Now, I'm not saying that Bill Gates should be excused for all the shit that MS
did when he was in charge there, but using a person as the personification of
a giant company is really "primal", appealing to our tribal instincts. I
actually do not think that this is bad! Creating complex social structures by
repurposing old instincts is an efficient tactic, since it literally comes
naturally to us. However, the risk is that we may not be aware of it. This can
make a difference between us using our instincts to our benefits, or being
exploited through them.

It is important to become aware that _individual_ and _structural_ processes
are linked and influence each other greatly, but that they not the same thing.
The importance of this can be seen in modern discussions of racism or sexism:
people often get defensive because they feel _personally_ attacked when
_structural_ problems are raised, because they do not see the distinction.

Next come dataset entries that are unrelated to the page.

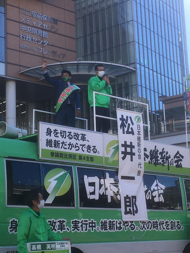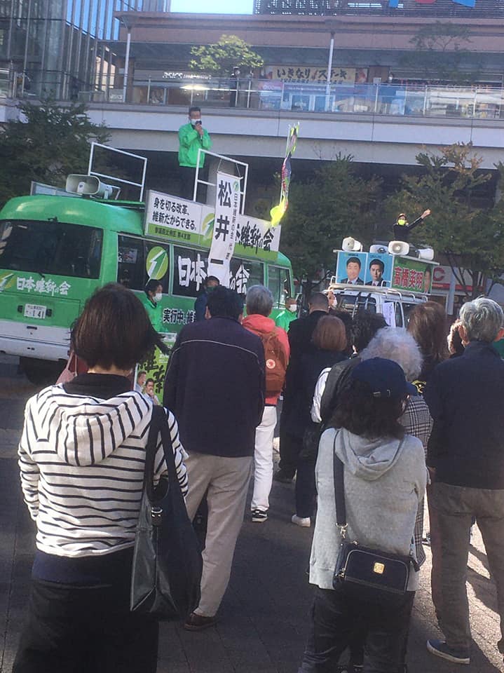 松井一郎代表の演説会の模様は、当日の17:45~テレ玉のニュース
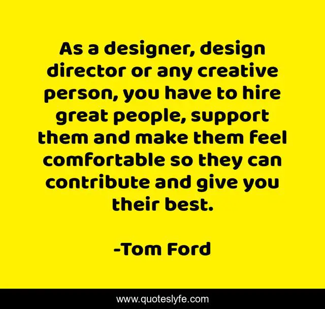 This page presents the quote "As a designer, design director or any creative person, you have to hire great people, support them and make them feel comfortable so they can contribute and give you their best.". Author of this quote is Tom Ford. This quote is about great, support, best,.
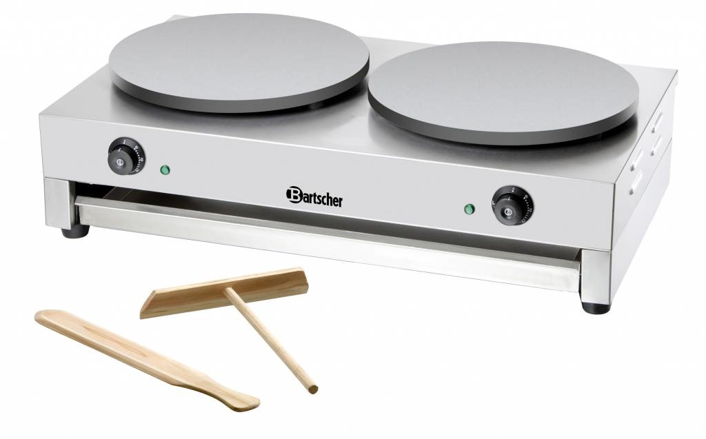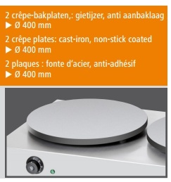 Crêpière Crépe Inox - 2 Plaques Anti-Adhésif Ø400mm - 2x 3kW - 870x510x246(h)mm

So on this topic: I am much more interested in the _structural_ problems of
MS, Apple and the tech industry in general. Debating whether Bill Gates is a
villain or a hero is less interesting than looking at what his impact on all
of this was, what to learn from that, and what can be done to address current
structural issues.

[0] [http://www.monbiot.com/2016/12/22/imaginary-
friends-2/](http://www.monbiot.com/2016/12/22/imaginary-friends-2/)

[1]
[https://en.wikipedia.org/wiki/Great_man_theory](https://en.wikipedia.org/wiki/Great_man_theory)